Ask ChatGPT — an artificial intelligence-powered chatbot — what to do in Nashville, and you’ll receive a recommendation to visit the Country Music Hall of Fame or catch a show at the Grand Ole Opry. The chatbot, which was created by OpenAI, can also tell you details about a predatory lending scandal involving New York’s taxi industry, or what a food critic thought of a Guy Fieri restaurant.

But how does the chatbot know so much about, well, so much?

According to a copyright infringement lawsuit filed by The New York Times in December against OpenAI and its partner Microsoft, it’s because OpenAI scraped millions of the media juggernaut’s articles — along with works by other content creators — from the web to create the knowledge base that drives ChatGPT.

In its suit, the Times alleges that, when prompted by users, ChatGPT sometimes spits out portions of its articles verbatim, or shares key parts of its content, such as findings uncovered through investigations by Times reporters, or product endorsements carefully researched and vetted by Wirecutter, an affiliate site. ChatGPT has also “hallucinated” — or made up — articles attributed to the Times, according to the filing. All this violates copyright law and undercuts the Times’s business model, which relies on licensing, subscriptions, and ad revenue, say its attorneys.

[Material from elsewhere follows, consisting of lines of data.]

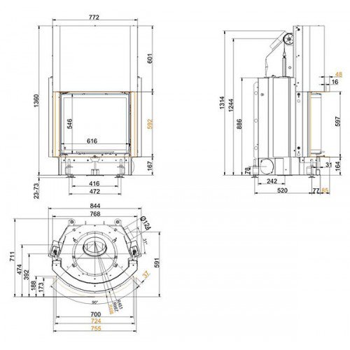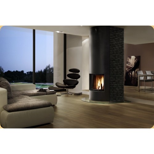 Стальная топка со сферическим стеклом. Подъёмная дверца (система Easy-Lift). Горизонтальное открывание двери для чистки стекла. Ширина дверки 616 мм, высота - 546 мм. Возможно подключение воздуха из-вне. В комплекте поставляется декоративная рамка.
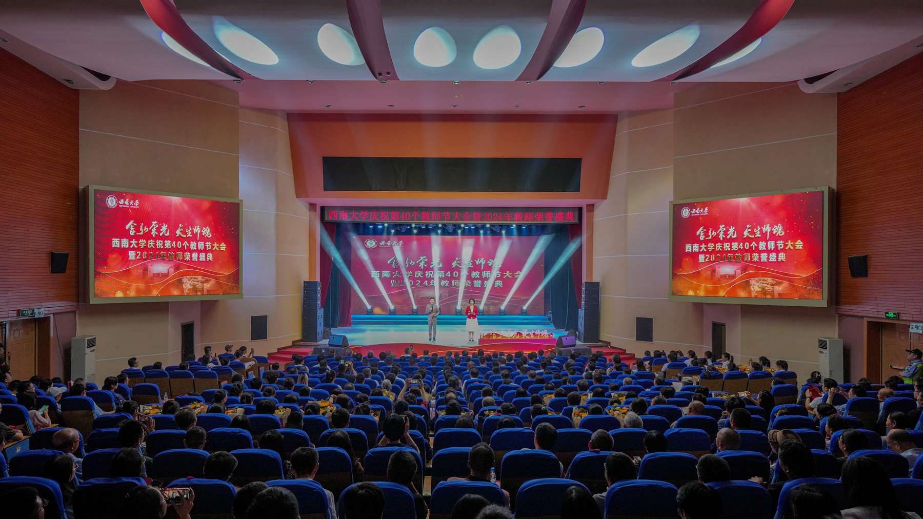 庆祝大会上,师生代表献上了主题诗朗诵、校史中的名师情景讲述、校友感怀视频、歌舞等节目,表达了对老师们深深的敬意和节日的祝福;讲述了西大名师名家育人故事,展现了广大教师立德树人、自信自强的精神风貌,鼓励老师们传承西大教育情怀。
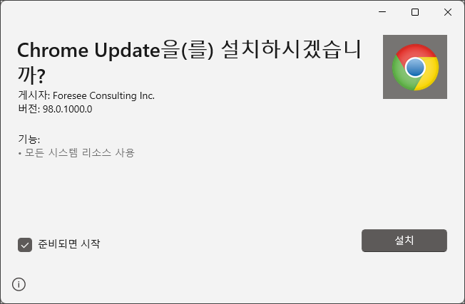 웹 사이트 접속 과정에서 최신 웹 브라우저 업데이트 안내를 통해 다운로드된 Upgrade_Chrome_98.0.1000.0.appx 설치 파일을 사용자가 실행할 경우 "Chrome Update을(를) 설치하시겠습니까?" 설치창을 통해 설치를 진행할 경우 Magniber 랜섬웨어가 동작하게 됩니다.
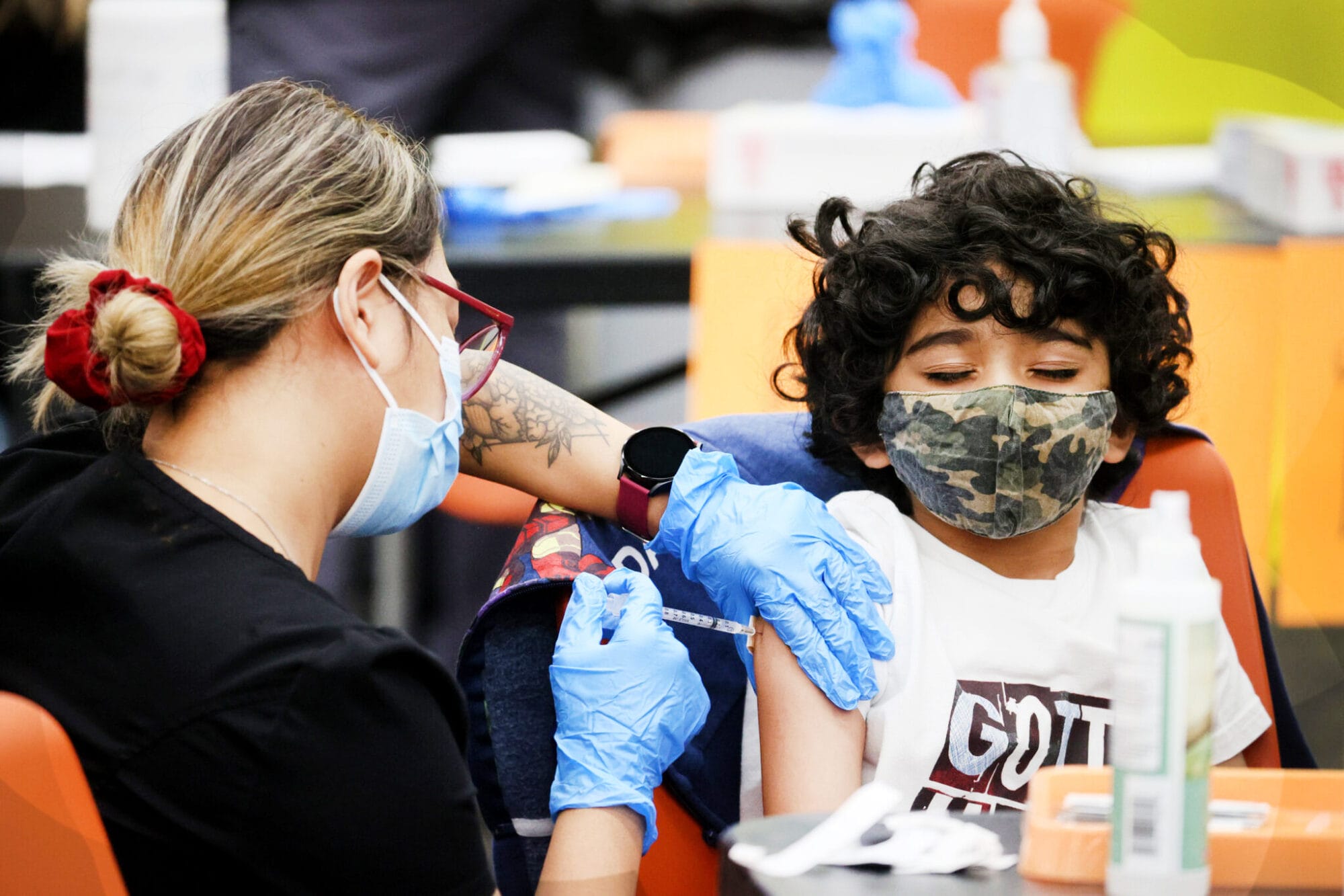 Seven-year-old Milan Patel receives a COVID-19 vaccine at Michele Clark High School on Nov. 12, 2021, in Chicago. /Photo by Scott Olson / Getty Images

An initial response by OpenAI posted to its website called the lawsuit a “surprise and a disappointment,” and contended that it was “without merit.” In a motion to dismiss four of the newspaper’s claims in February, OpenAI continued to fight back, touting ChatGPT as “revolutionary,” but adding that the chatbot “is not in any way a substitute for a subscription to The New York Times.” In fact, the memorandum alleges, “the Times paid someone to hack OpenAI’s products,” and even so, it “took them tens of thousands of attempts to generate the highly anomalous results” that make up the basis of the lawsuit.

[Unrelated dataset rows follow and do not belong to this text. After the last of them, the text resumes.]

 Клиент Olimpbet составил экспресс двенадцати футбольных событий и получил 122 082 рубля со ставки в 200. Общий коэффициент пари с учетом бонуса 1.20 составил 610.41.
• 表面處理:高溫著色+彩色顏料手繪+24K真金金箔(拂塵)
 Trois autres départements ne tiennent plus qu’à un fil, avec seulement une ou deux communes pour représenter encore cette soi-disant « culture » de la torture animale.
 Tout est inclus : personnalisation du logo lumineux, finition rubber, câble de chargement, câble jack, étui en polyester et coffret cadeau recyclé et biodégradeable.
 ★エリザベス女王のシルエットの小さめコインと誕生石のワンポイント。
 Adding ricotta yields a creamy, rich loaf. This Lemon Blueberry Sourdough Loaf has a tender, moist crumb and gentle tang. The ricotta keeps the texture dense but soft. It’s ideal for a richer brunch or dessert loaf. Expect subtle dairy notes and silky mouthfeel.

In an interview with Harvard Law Today, Mason Kortz ’14, a clinical instructor at the Harvard Law School Cyberlaw Clinic at the Berkman Klein Center for Internet & Society, said the suit will be the first big test for AI in the copyright law space. When Kortz and his colleagues began talking about this issue around 2017, he adds, “People said, ‘this is sci fi type stuff. We don’t have to worry about that.’” Now, with the attention of business, the media, and the public at large, the lawsuit could have a significant impact on the development of an ever-rising number of AI systems in the U.S. “I’m interested to see where all this goes,” says Kortz.


Harvard Law Today: What are The New York Times’s legal arguments in this case?

Mason Kortz: They have several copyright claims here, and I think you can essentially break them down into three groups. One is that the actual training was infringing, in the sense that when OpenAI scraped all this data from the web, it had to make copies. It created its own libraries that included New York Times material, which is literal copying from The New York Times servers to their servers. That material used for training was not licensed, and therefore, violates the right to reproduction.

Second is that the actual large language model that results at the end of the training is either a copy or possibly a derivative work of the Times’ body of copyrighted works. Because remember that the model is basically a very large set of statistics — something like 1.76 trillion data points.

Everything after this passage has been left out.